Ahmed Arif’in HPE metni dönemin diğer şairlerinin metinlerinden farklı olarak şairinin özgün ve baskın karakterinin katışıksız, güçlü izlerini taşır. Bu anlamda A. Arif şiirleriyle karşılaşmak kaçınılmaz biçimde onun kendisiyle de karşılaşmak anlamına gelir ve bu bakımdan onun şiirini yapı bozumuna uğratmak da zordur. Bu nedenle A. Arif şiirini doğru, anlamlı ve yetkin bir okumayla sürdürmek için, şairin hayatı ve karakterinin şiirinin karakteriyle birlikte bir alegori oluşturduğunu ve bu alegorinin kodlarının doğru biçimde anlam alanına yerleştirilmesiyle mümkün olabileceğini bilmek gerekir.
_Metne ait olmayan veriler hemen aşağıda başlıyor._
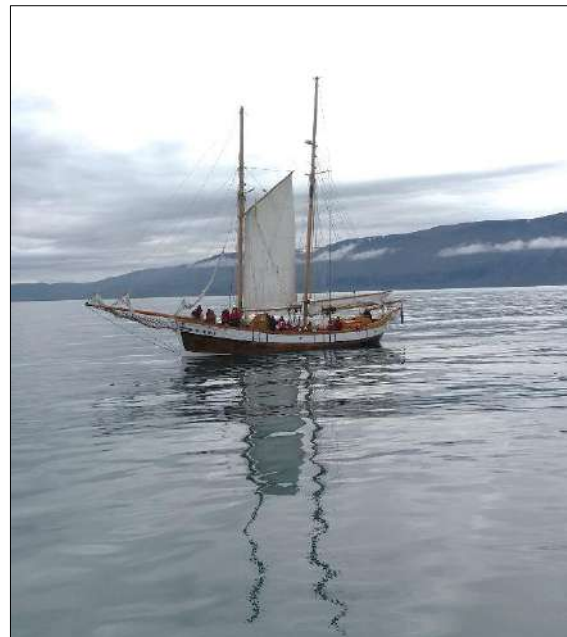
Hvalaskoðunarskip á Skjálfanda

RMF stóð að nokkrum viðburðum á árinu, stórum og smáum, sem lesa má nánar um hér síðar. Umfangsmestur þeirra var fimmta alþjóðlega ráðstefna Samtaka um ferðamálarannsóknir á heimskautasvæðum (IPTRN) sem var haldin í fyrsta sinn hér á landi um mánaðamótin ágúst/september. Ráðstefnan bar yfirskriftina Ferðapjónusta, fólk og vernduð svæði í víðáttu heimskautanna . Um það bil 50 manns frá 12 þjóðlöndum tók þátt í fjölbreyttri ráðstefnudagskrá sem stóð í fimm daga. Ráðstefnan hófst á Akureyri með málstofum og pallborðsumræðum um framgang og stöðu ferðamála á norðurlöndum. Ráðstefnugestir fóru síðan til Raufarhafnar þar sem unnið var með heimamönnum með þær áskoranir sem strjálbýl svæði á

Ahmed Arif şiirinin ilk bakışta göze çarpan yerelliği, feodal çağrışımları, yüzeysel okumalarda yanıltıcı bir etkiye dönüşür. Ki birçok kentsoylu küçük burjuva şair ve eleştirmen şairin feodal ve yerel özelliklerine dikkat çekmişlerdir. Oysa bu bütünüyle sığ, kolaycı ve yaftacı bir yaklaşımdır. Zira daha derin ve dikkatli okumalarda, şairin deamon’nun, insanlığın yüce ideallerini (özgürlük, eşitlik, devrim, adalet…) işaret eden evrensel bir ethos’un izlerini taşıdığı görülecektir. Aynı zamanda da şiirinin güncelle olan yoğun bağlam ve ilişkisi üzerinden de şairin şahsi pathos’unun güçlü vurguları barındırdığı da izlenebilecektir. Bu bakımdan A. Arif şiirinin logos’u kolay anlaşılır görünmekle kolaycı yaklaşımları yanılgıya taşıyan bir tuzak da barındırır. Bu tuzaklar da eleştirmen ve yorumcuları, A. Arif şiirini rasyonalleştirirken hatalara sürüklemektedir. Fakat şiirinin etkisi her tür rasyonalleştirme girişimlerinin üstünde bir yerde, bir çeşit dokunulmazlık halesi içinde güçlü bir şekilde varlığını sürdürür.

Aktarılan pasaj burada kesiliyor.